*Aim of the task*.
Take the lines below from the one with "Эти замечательные пирожки" through the one with "断言返回结果:TestResults" and print only them, exactly. Don't print the pictures.

════

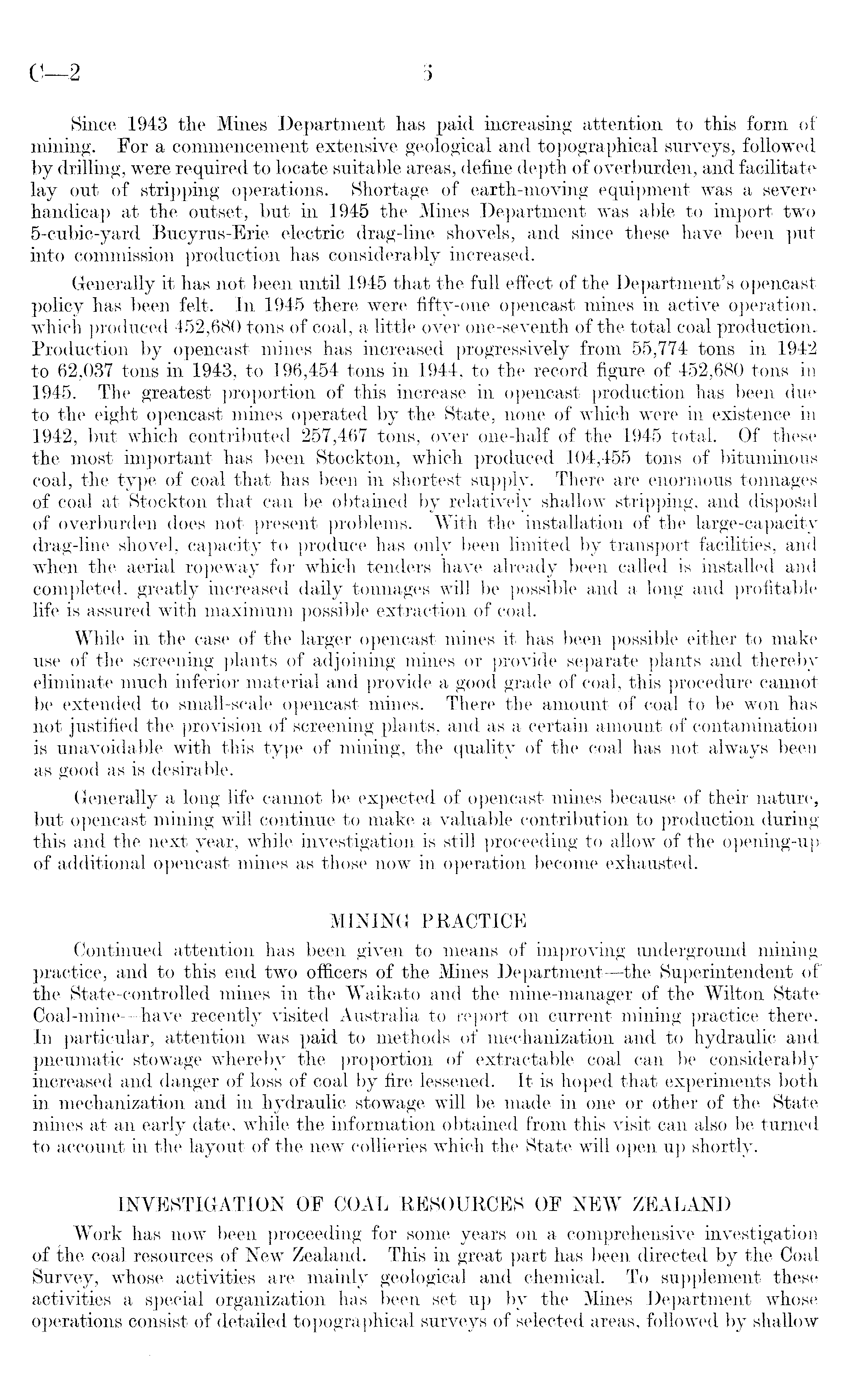 Since 1943 the Mines Department has paid increasing attention to this form of mining. For a commencement extensive geological and topographical surveys, followed by drilling, were required to locate suitable areas, define depth of overburden, and facilitate lay out of stripping operations. Shortage of earth-moving equipment was a severe handicap at the outset, but in 1945 the Mines Department was able to import two 5-cubic-yard Bucyrus-Erie electric drag-line shovels, and since these have been put into commission production has considerably increased. Generally it has not been until 1945 that the full effect of the Department's opencast policy has been felt. In 1945 there were fifty-one opencast mines in active operation r which produced 452,680 tons of coal, a little over one-seventh of the total coal production. Production by opencast mines has increased progressively from 55,774 tons in 1942' to 62,037 tons in 1943, to 196,454 tons in 1944, to the record figure of 452,680 tons in 1945. The greatest proportion of this increase in opencast production has been due to the eight opencast mines operated by the State, none of which were in existence in 1942, but which contributed 257,467 tons, over one-half of the 1945 total. Of these the most important has been Stockton, which produced 104,455 tons of bituminous coal, the type of coal that has been in shortest supply. There are enormous tonnages of coal at Stockton that can be obtained by relatively shallow stripping, and disposal of overburden does not present problems. With the installation of the large-capacity drag-line shovel, capacity to produce has only been limited by transport facilities, and when the aerial ropeway for which tenders have already been called is installed and completed, greatly increased daily tonnages will be possible and a long and profitable life is assured with maximum possible extraction of coal. While in the case of the larger opencast mines it has been possible either to make use of the screening plants of adjoining mines or provide separate plants and thereby eliminate much inferior material and provide a good grade of coal, this procedure cannot be extended to small-scale opencast mines. There the amount of coal to be won has not justified the provision of screening plants, and as a certain amount of contamination is unavoidable with this type of mining, the quality of the coal has not always been as good as is desirable. Generally a long life cannot be expected of opencast mines because of their nature,, but opencast mining will continue to make a valuable contribution to production during this and the next year, while investigation is still proceeding to allow of the opening-up of additional opencast mines as those now in operation become exhausted. MINING PRACTICE Continued attention has been given to means of improving underground mining practice, and to this end two officers of the Mines Department—the Superintendent of the State-controlled mines in the Waikato and the mine-manager of the Wilton State Coal-mine —have recently visited Australia to report on current mining practice there. In particular, attention was paid to methods of mechanization and to hydraulic and pneumatic stowage whereby the proportion of extractable coal can be considerably increased and danger of loss of coal by fire lessened. It is hoped that experiments both in mechanization and in hydraulic stowage will be made in one or other of the State mines at an early date, while the information obtained from this visit can also be turned to account in the layout of the new collieries which the State will open up shortly. INVESTIGATION OF COAL RESOURCES OF NEW ZEALAND Work has now been proceeding for some years on a comprehensive investigation of the coal resources of New Zealand. This in great part has been directed by the Coal Survey, whose activities are mainly geological and chemical. To supplement these activities a special organization has been set up by the Mines Department whose operations consist of detailed topographical surveys of selected areas, followed by shallow
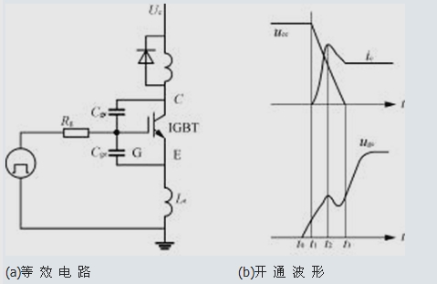在t0時刻,柵極驅動電壓開始上升,此時影響柵極電壓uge上升斜率的主要因素只有Rg和Cge,柵極電壓上升較快。在t1時刻達到IGBT的柵極門檻值,集電極電流開始上升。從此時開始有2個原因導致uge波形偏離原有的軌跡。
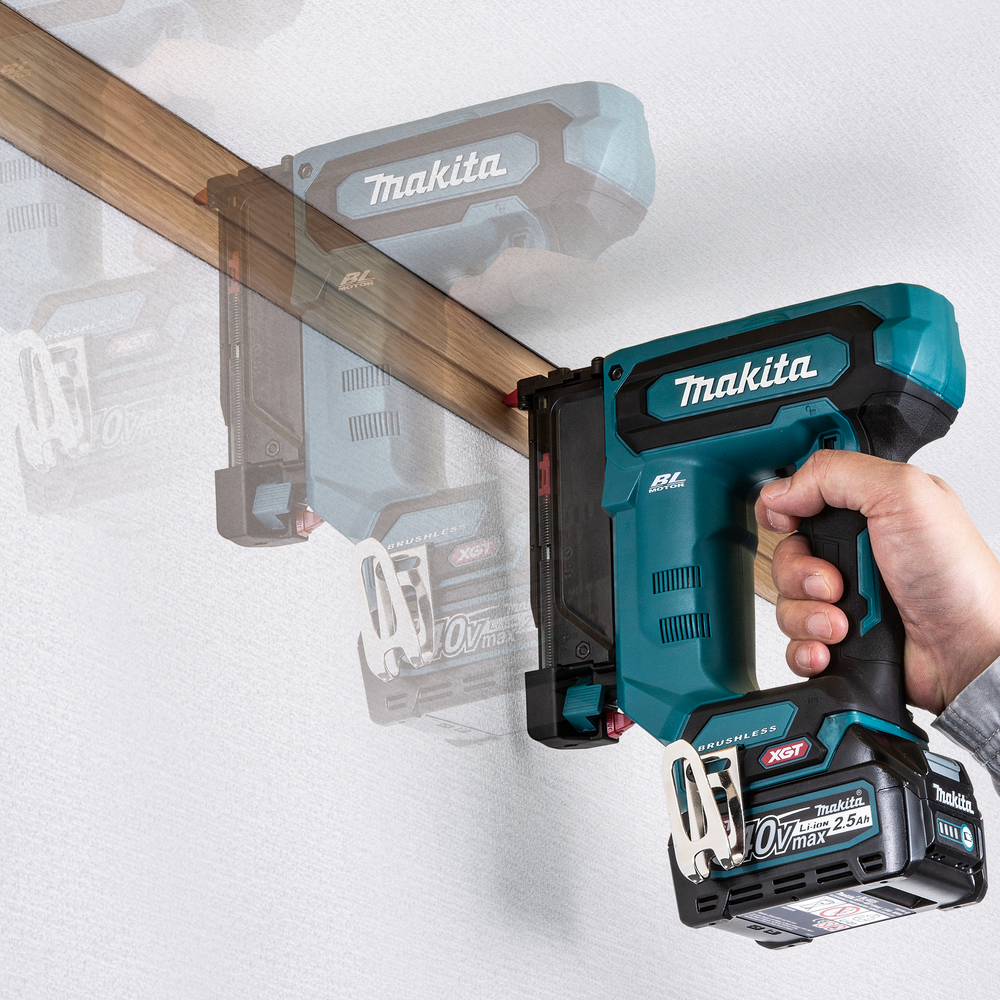 Akku-Stiftnagler für Arbeiten im Innenbereich wie die Installation von Fußleisten und Zierleisten. Die Maschine verfügt über einen Mechanismus mit geringer Reaktionskraft, der ein einfacheres Nageln mit langen Stiften und ein hochwertiges Finish ermöglicht. Kompatibel mit Stiften mit einer Stiftstärke von 0,6 mm, die kaum Spuren hinterlassen. Magazinkapazität bis 120 Nägel.
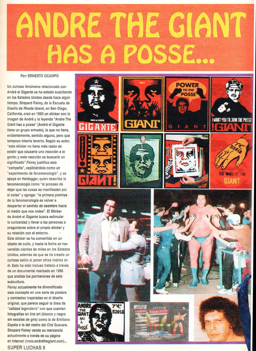 Un artículo sobre el arte de Fairey inspirado en André, fue publicado en SÚPER LUCHAS en 1999 (click para agrandar):
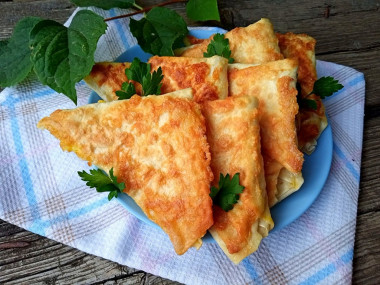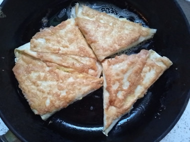 Эти замечательные пирожки из лаваша с сыром на сковороде очень меня выручили. Весь день занималась закаткой фруктов и овощей, не было времени приготовить ужин. А когда вечером дети пришли на кухню и спросили что будем кушать... вот тут я и вспомнила, что у меня в заначке есть лаваш) Лаваш был в виде длинного прямоугольного рулона. Я его разрезала на шесть широких полосок. Для начинки нашла в морозилке натертый сыр. Добавила к нему небольшой пучек зелени, перемешала и распределила по полоскам лаваша. Пока грелась сковородка сворачивала треугольники. Свернула плотно, чтобы начинка не выпала. Обжариваются такие пирожки быстро! Кстати одного яйца мне вполне хватило, даже ещё немного осталось, на один пирожок точно хватило бы) Ели мы пирожки из лаваша горячими со свежими огурчиками и помидорами. Это очень вкусно и очень быстро. Корочка получилась хрустящая, а внутри несколько слоёв "теста" и расплавленный сыр. Спасибо за этот нужный рецепт! Рекомендую!
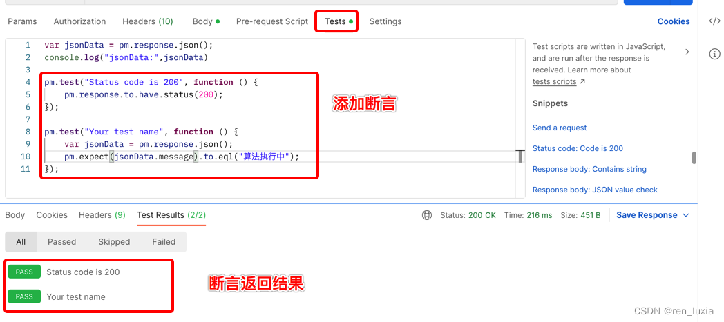 断言返回结果:TestResults
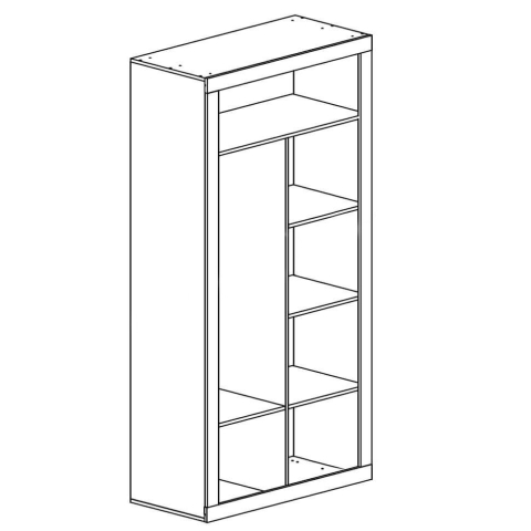 шкаф разделен на две секции с общей верхней полкой, слева расположена штанга для вешалок и полка, справа - три полки |

════

*The answer*.
 Эти замечательные пирожки из лаваша с сыром на сковороде очень меня выручили. Весь день занималась закаткой фруктов и овощей, не было времени приготовить ужин. А когда вечером дети пришли на кухню и спросили что будем кушать... вот тут я и вспомнила, что у меня в заначке есть лаваш) Лаваш был в виде длинного прямоугольного рулона. Я его разрезала на шесть широких полосок. Для начинки нашла в морозилке натертый сыр. Добавила к нему небольшой пучек зелени, перемешала и распределила по полоскам лаваша. Пока грелась сковородка сворачивала треугольники. Свернула плотно, чтобы начинка не выпала. Обжариваются такие пирожки быстро! Кстати одного яйца мне вполне хватило, даже ещё немного осталось, на один пирожок точно хватило бы) Ели мы пирожки из лаваша горячими со свежими огурчиками и помидорами. Это очень вкусно и очень быстро. Корочка получилась хрустящая, а внутри несколько слоёв "теста" и расплавленный сыр. Спасибо за этот нужный рецепт! Рекомендую!
 断言返回结果:TestResults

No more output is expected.